The boys (Jeff, Keith and Mike) were crashing through the final chords of Creep by Radiohead and….phhht.  The power went off.

There was no reason for the power to go off.  The inevitable – the inescapable – conclusion was that their playing was of such total awesomeness,  they rent the space time continuum enough to make the fuse go. Is that not amazing?

Apart from my home made cole slaw I didn’t actually do any cooking, Mike did it all.  But steak and chicken and home made french fries?  And cole slaw? That’s a meal.

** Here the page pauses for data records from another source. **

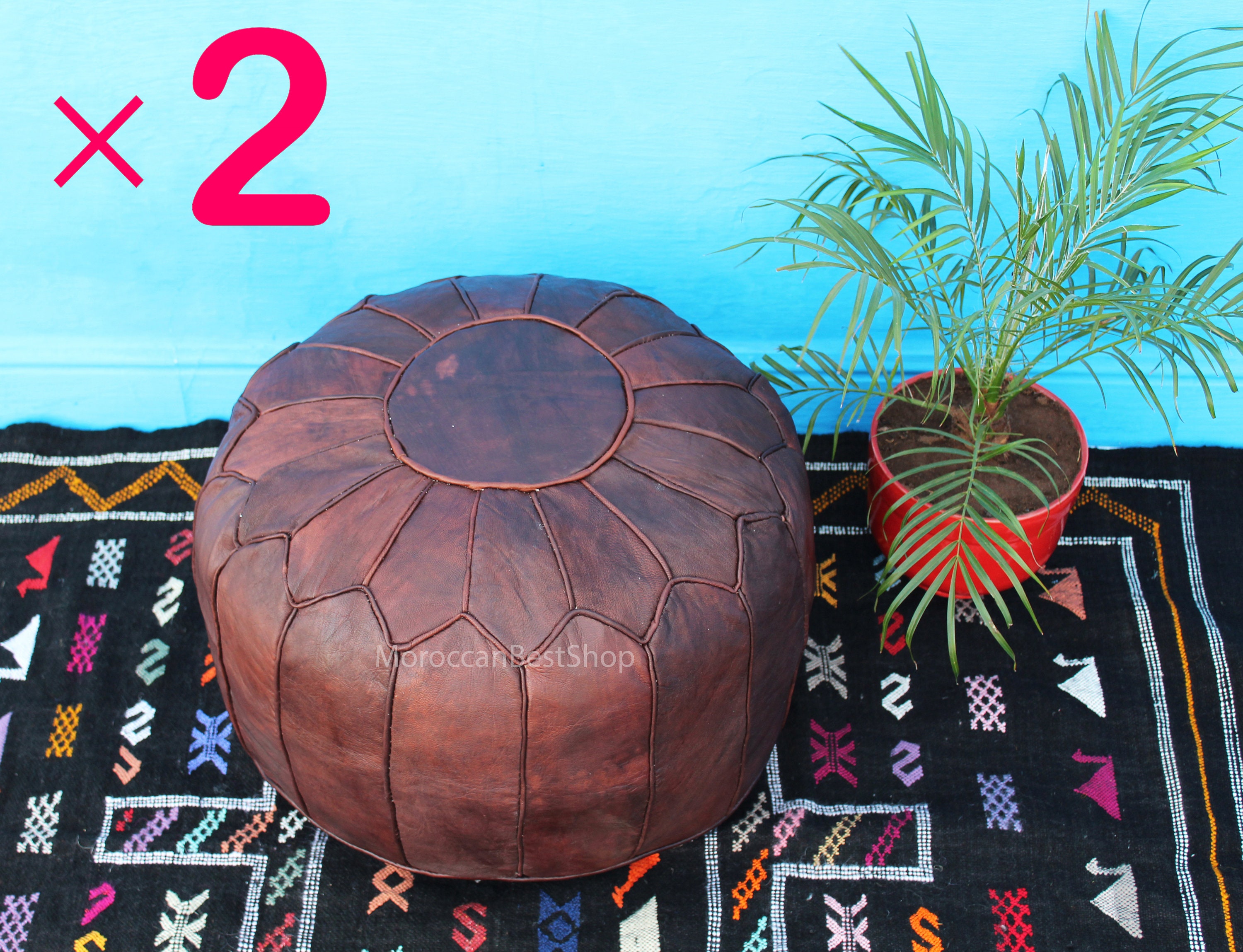 Description: Elevate your home with this beautiful set of two handmade Moroccan leather poufs in a r...
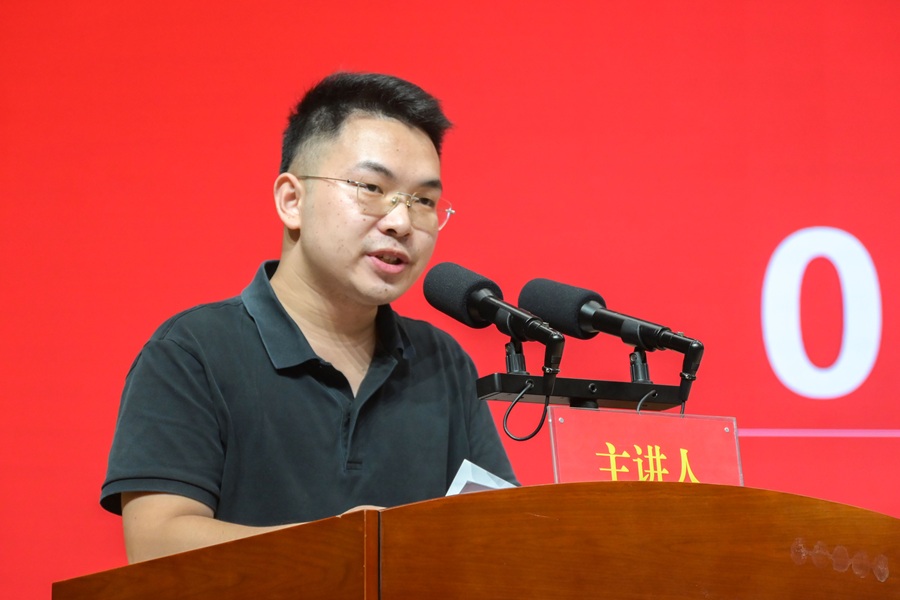 优秀校友代表、2021届电子信息科学与技术专业毕业生、武汉高德红外股份有限公司技术部主管杨雄威,分享了自己从校园到职场的成长历程。他结合当前就业形势,建议新生尽早明确职业方向、重视项目实践、夯实基础学科,并善用AI工具提升学习效率,同时向母校恩师表达感恩之情。
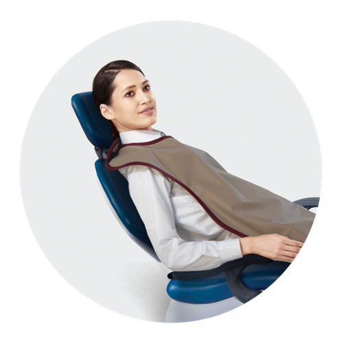 デンタル撮影用エプロンです。椅子に座ったまま簡単にご着用いただけます。
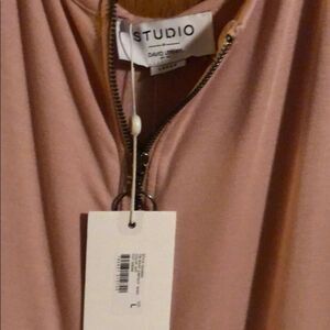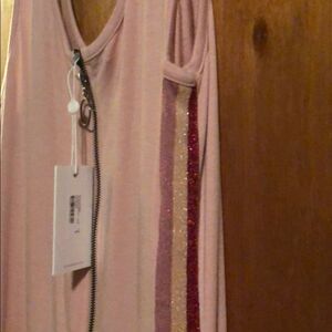 Design details: scoop neck, contrast stripes, drawstring waistband Zipper closure
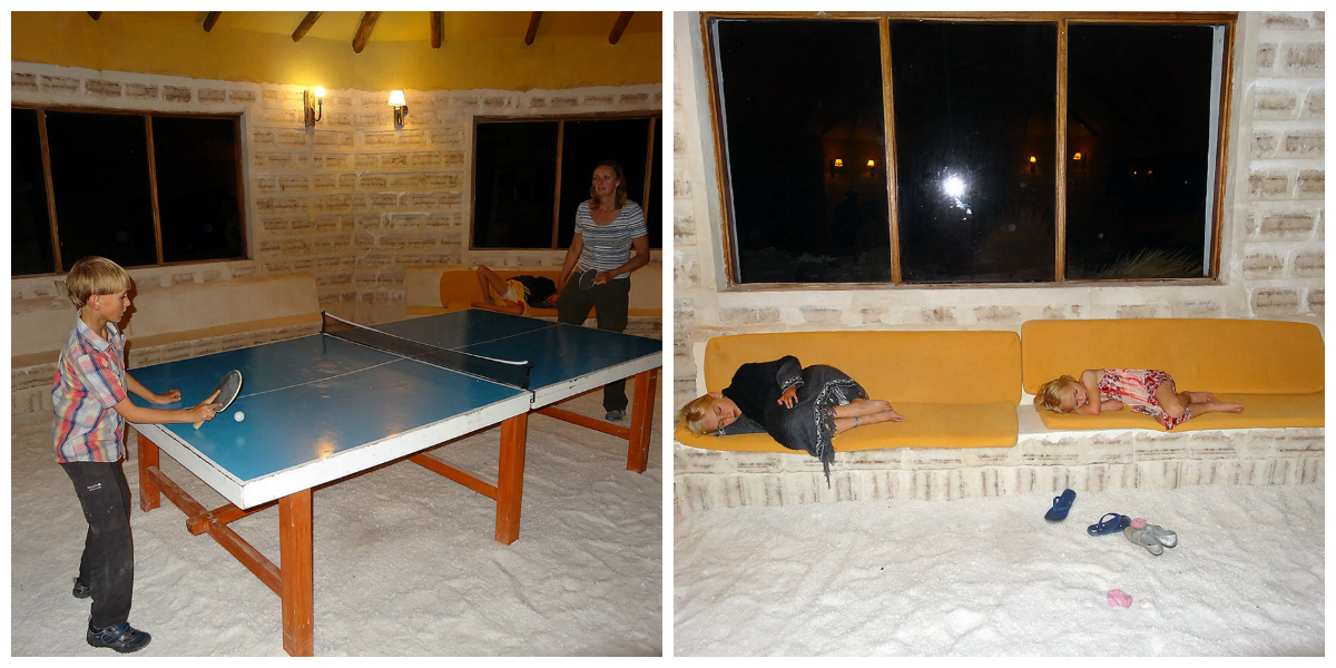 We have a wonderful night in the salt restaurant at a huge salt table. The fire roars to keep us warm and our kids give their friends a tour of our hotel before they head off across the moon-with-broccoli-scape – under a starry sky. We watch them drive the 2km or so back to their hotel, flashing their hazard lights occasionally to us! After a quick table tennis and pool match in the salt games room, we turn into our very cosy double salt room with extra mattress, for which we paid a premium for the view! This makes us especially laugh as there are views everywhere but from our room, it’s rather obscured by a dirty old water tank! Never mind, we snuggle up in our warm beds feeling excited about tomorrow’s trip on the Salt Flats!
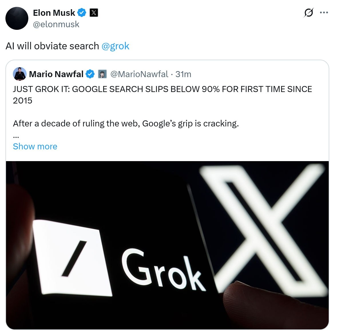 Grok muscling in on Google territory Engine’s share of web searches drops below 90% for first time in over a decade Musk believes ‘AI will obviate search’ - but do you trust AI to direct you to the truth? #Grok #Google

I attended the baptism of Darwin this morning.  He was angelic.  That’s always nice. I briefly spoke with Unca Barry and Ontie Jackie, as well as the happy parents, but alas my excesses of the night before caught up with me and after I woke myself up snoring during the service I realized I should go home.  Fortunately, an IGA was on the way to the Skytrain, so I could buy yummy snacks, and the Granville cold beer and wine store was awful handy, so I’m now stocked up again for the rest of the day.  This is a good thing, because I’m going to be watching Army of Darkness.

I am thinking that I’d like a steam or soak though.  I don’t know whether I’ll go all the way up to Hastings Steam and Sauna – I’ve never been there stag, which is funny when you think about it – or just to nearest rec center, which would definitely be cheaper and closer.  Hell, I may even walk.